_WORK REQUEST:_
Leaving the pictures out, transcribe the records below exactly.
DATA RECORDS below:
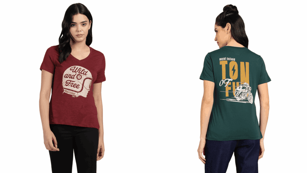 Para quem procura opções mais acessíveis e ideais para o Amigo Secreto, a linha casual da Royal Enfield traz camisetas e polos com identidade própria. A Wild & Free Melange T-Shirt feminina é confeccionada em algodão 100% e está disponível nos tamanhos XS ao 2XL, nas cores vermelho e verde azulado, com preço sugerido de R$ 149,90. Já a Ton Of Fun Women’s T-Shirt, também em algodão 100%, aparece nas cores verde escuro e mostarda, com preço sugerido de R$ 109,90.
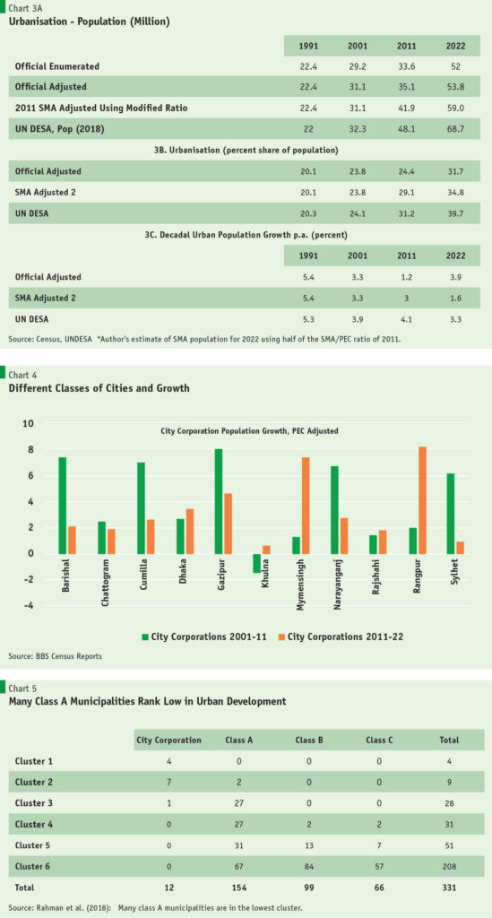 Second, there is good research suggesting that the urban population may be overestimated in some areas. An empirically rich paper classifies 331 towns and cities from the 2011 Census in Bangladesh based on data on five urban spatial features collected from remote sensing: city size (area), urban form (AWMPFD), the ratio of built-up and non-built-up areas, urban growth rate, and total night lights intensity (Rahman et al. 2018). Using these five urban spatial features, the paper classifies the municipalities’ urban development into six groups based on a clustering algorithm. The paper then establishes that urbanisation closely correlates with non-agricultural employment, per-capita income, and expenditures. Nearly 100 of the class A municipalities in the 2011 census, the most developed according to official definitions based on revenue collection, fell in the bottom two of the six clusters of urban development. That is, they are among the least urbanized by this classification (Chart 5 below). We found corroborating evidence to support this finding.
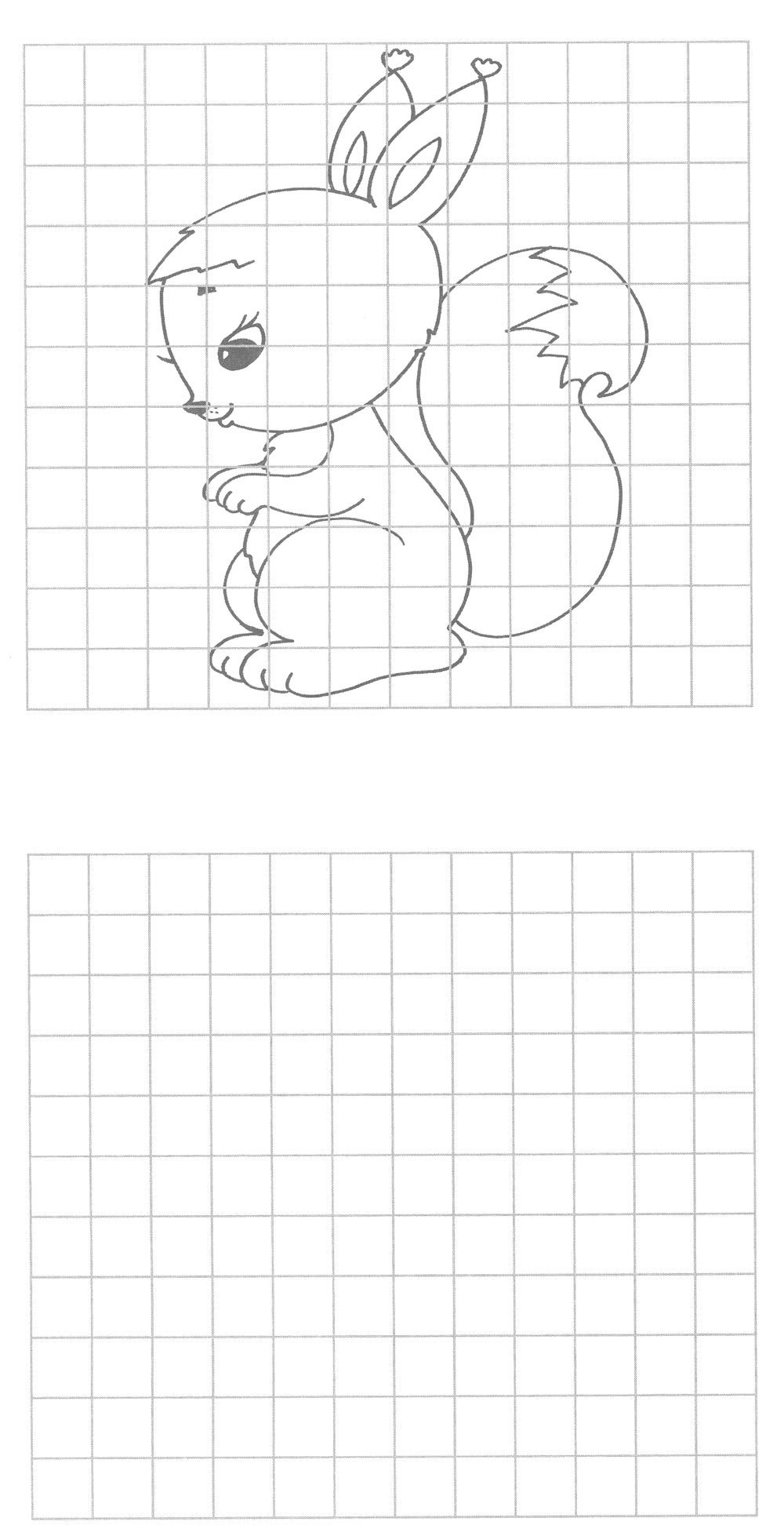 Повтори малюнок по клітинках і у тебе вийде картинка білочка.
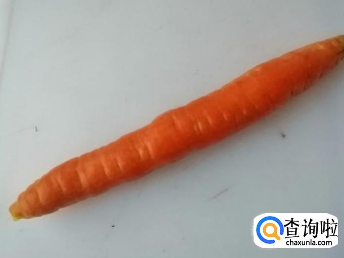 取一小根胡萝卜,用清水把胡萝卜洗净,用刀切掉胡萝卜两头,然后把胡萝卜切成自己喜欢的形状就可以了,我切好的胡萝卜忘拍了,直接摆盘里了。
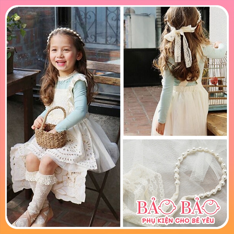 Bờm ren trắng đính ngọc tiểu thư cho bé gái phong cách Pháp Retro - Turban cho bé gái phụ kiện chụp ảnh cho bé
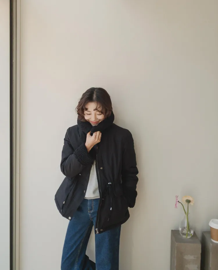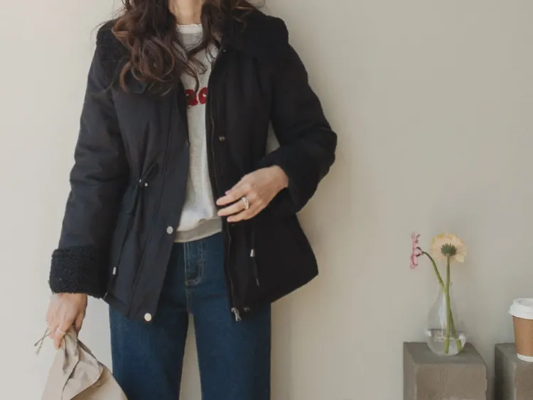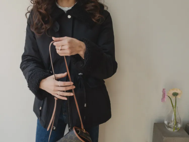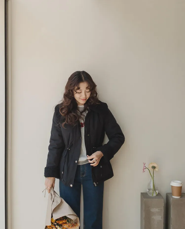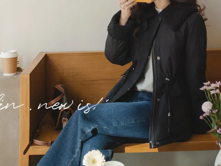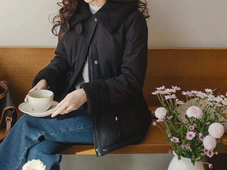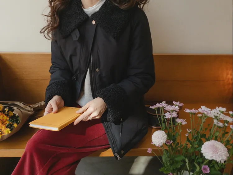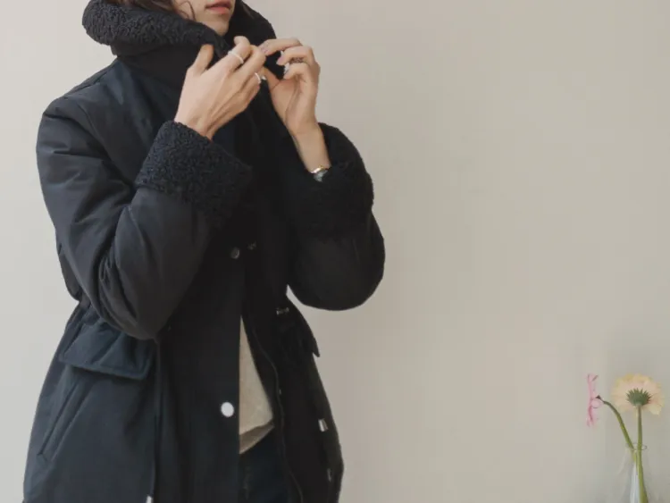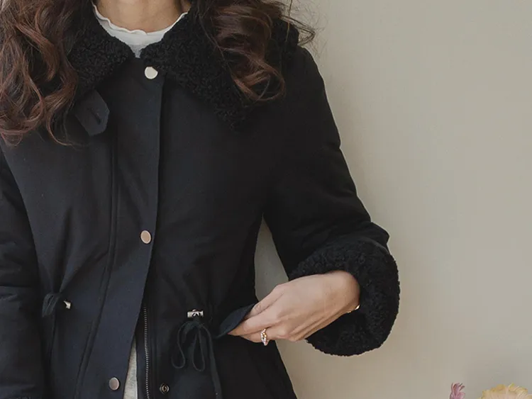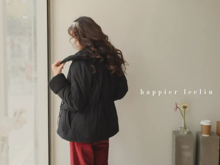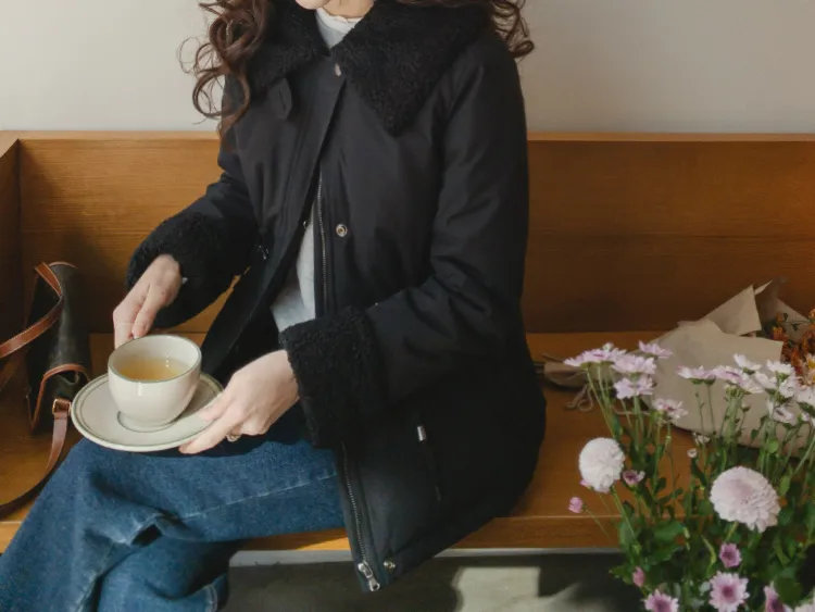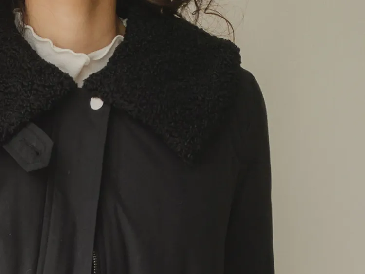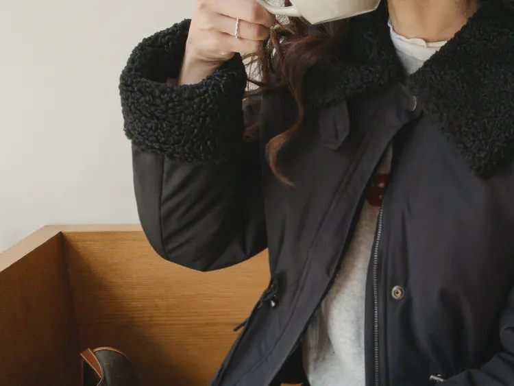 【領子和袖子末端有毛絨顏色設計的奢華外套♥】【用腰繩打造修身廓形~】【毛絨內襯和絎縫袖子讓你在冬天也能保持溫暖】【舒適的外觀非常適合日常穿著]
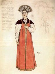 | Keywords: Costume for Russian dances by I.Bilibin (1910, Saratov museum).jpg Девица Эскиз костюма для балетной сюиты Русские пляски 1910 34х24 2 ФГУК Са атовский госуда ственный художественный музей имени А Радищева Аннотация а эскизе изоб ажена молодая голубоглазая и усоволосая девушка в усском на одном костюме кото ый состоит из к асного са афана белой со очки и бо довой косынки а голове девицы высокий кокошник ук ашенный жемчужными к угами К кокошнику п ик еплены подвески из жемчуга - ясы или поднизи а эскизе слева и сп ава от изоб ажения имеются авто ские указания костюме ам В 1910 году И Я Билибин также тщательно исполнил два па ных эскиза Девица и олодец п едназначенных для балетной сюиты Русские пляски в кото ой блистали известные танцовщики Анна Павлова и ихаил о дкин а эскизе женского костюма пе ед нами п едстает молодая девушка с голубыми глазами и светлыми волосами Она одета в белую вышитую со очку с ши окими укавами кото ые сужаются к запястьям на плечи девицы наб ошена бо довая косынка Пове х со очки надет т адиционный усский са афан к асного цвета ук ашенный золотистой тесьмой и длинным ядом пуговиц Самым главным ук ашением костюма является пышный головной убо - кокошник кото ому авто посвятил большую часть коммента иев помещенных на полях листа Высокое очелье кокошника асшито жемчужными кольцами ст азами тесьмой и шелком и ук ашено жемчужными подвесками - поднизями Подобный на яд напоминает о на одном костюме севе ных областей России http //school-collection edu ru/catalog/res/0bcf7165-7f23-48bc-9c6d-4d4bc96500ba/ from b0a303cf-6d81-472d-a005-768b9abf7882 interface themcol class 43 1910 Ivan Bilibin Scenic designs by Ivan Bilibin Files uploaded by Shakko from various sources Radishchev Art Museum PD-old |
End of DATA RECORDS.
_RESPONSE TO THIS EXERCISE:_
 Para quem procura opções mais acessíveis e ideais para o Amigo Secreto, a linha casual da Royal Enfield traz camisetas e polos com identidade própria. A Wild & Free Melange T-Shirt feminina é confeccionada em algodão 100% e está disponível nos tamanhos XS ao 2XL, nas cores vermelho e verde azulado, com preço sugerido de R$ 149,90. Já a Ton Of Fun Women’s T-Shirt, também em algodão 100%, aparece nas cores verde escuro e mostarda, com preço sugerido de R$ 109,90.
 Second, there is good research suggesting that the urban population may be overestimated in some areas. An empirically rich paper classifies 331 towns and cities from the 2011 Census in Bangladesh based on data on five urban spatial features collected from remote sensing: city size (area), urban form (AWMPFD), the ratio of built-up and non-built-up areas, urban growth rate, and total night lights intensity (Rahman et al. 2018). Using these five urban spatial features, the paper classifies the municipalities’ urban development into six groups based on a clustering algorithm. The paper then establishes that urbanisation closely correlates with non-agricultural employment, per-capita income, and expenditures. Nearly 100 of the class A municipalities in the 2011 census, the most developed according to official definitions based on revenue collection, fell in the bottom two of the six clusters of urban development. That is, they are among the least urbanized by this classification (Chart 5 below). We found corroborating evidence to support this finding.
 Повтори малюнок по клітинках і у тебе вийде картинка білочка.
 取一小根胡萝卜,用清水把胡萝卜洗净,用刀切掉胡萝卜两头,然后把胡萝卜切成自己喜欢的形状就可以了,我切好的胡萝卜忘拍了,直接摆盘里了。
 Bờm ren trắng đính ngọc tiểu thư cho bé gái phong cách Pháp Retro - Turban cho bé gái phụ kiện chụp ảnh cho bé
 【領子和袖子末端有毛絨顏色設計的奢華外套♥】【用腰繩打造修身廓形~】【毛絨內襯和絎縫袖子讓你在冬天也能保持溫暖】【舒適的外觀非常適合日常穿著]
 | Keywords: Costume for Russian dances by I.Bilibin (1910, Saratov museum).jpg Девица Эскиз костюма для балетной сюиты Русские пляски 1910 34х24 2 ФГУК Са атовский госуда ственный художественный музей имени А Радищева Аннотация а эскизе изоб ажена молодая голубоглазая и усоволосая девушка в усском на одном костюме кото ый состоит из к асного са афана белой со очки и бо довой косынки а голове девицы высокий кокошник ук ашенный жемчужными к угами К кокошнику п ик еплены подвески из жемчуга - ясы или поднизи а эскизе слева и сп ава от изоб ажения имеются авто ские указания костюме ам В 1910 году И Я Билибин также тщательно исполнил два па ных эскиза Девица и олодец п едназначенных для балетной сюиты Русские пляски в кото ой блистали известные танцовщики Анна Павлова и ихаил о дкин а эскизе женского костюма пе ед нами п едстает молодая девушка с голубыми глазами и светлыми волосами Она одета в белую вышитую со очку с ши окими укавами кото ые сужаются к запястьям на плечи девицы наб ошена бо довая косынка Пове х со очки надет т адиционный усский са афан к асного цвета ук ашенный золотистой тесьмой и длинным ядом пуговиц Самым главным ук ашением костюма является пышный головной убо - кокошник кото ому авто посвятил большую часть коммента иев помещенных на полях листа Высокое очелье кокошника асшито жемчужными кольцами ст азами тесьмой и шелком и ук ашено жемчужными подвесками - поднизями Подобный на яд напоминает о на одном костюме севе ных областей России http //school-collection edu ru/catalog/res/0bcf7165-7f23-48bc-9c6d-4d4bc96500ba/ from b0a303cf-6d81-472d-a005-768b9abf7882 interface themcol class 43 1910 Ivan Bilibin Scenic designs by Ivan Bilibin Files uploaded by Shakko from various sources Radishchev Art Museum PD-old |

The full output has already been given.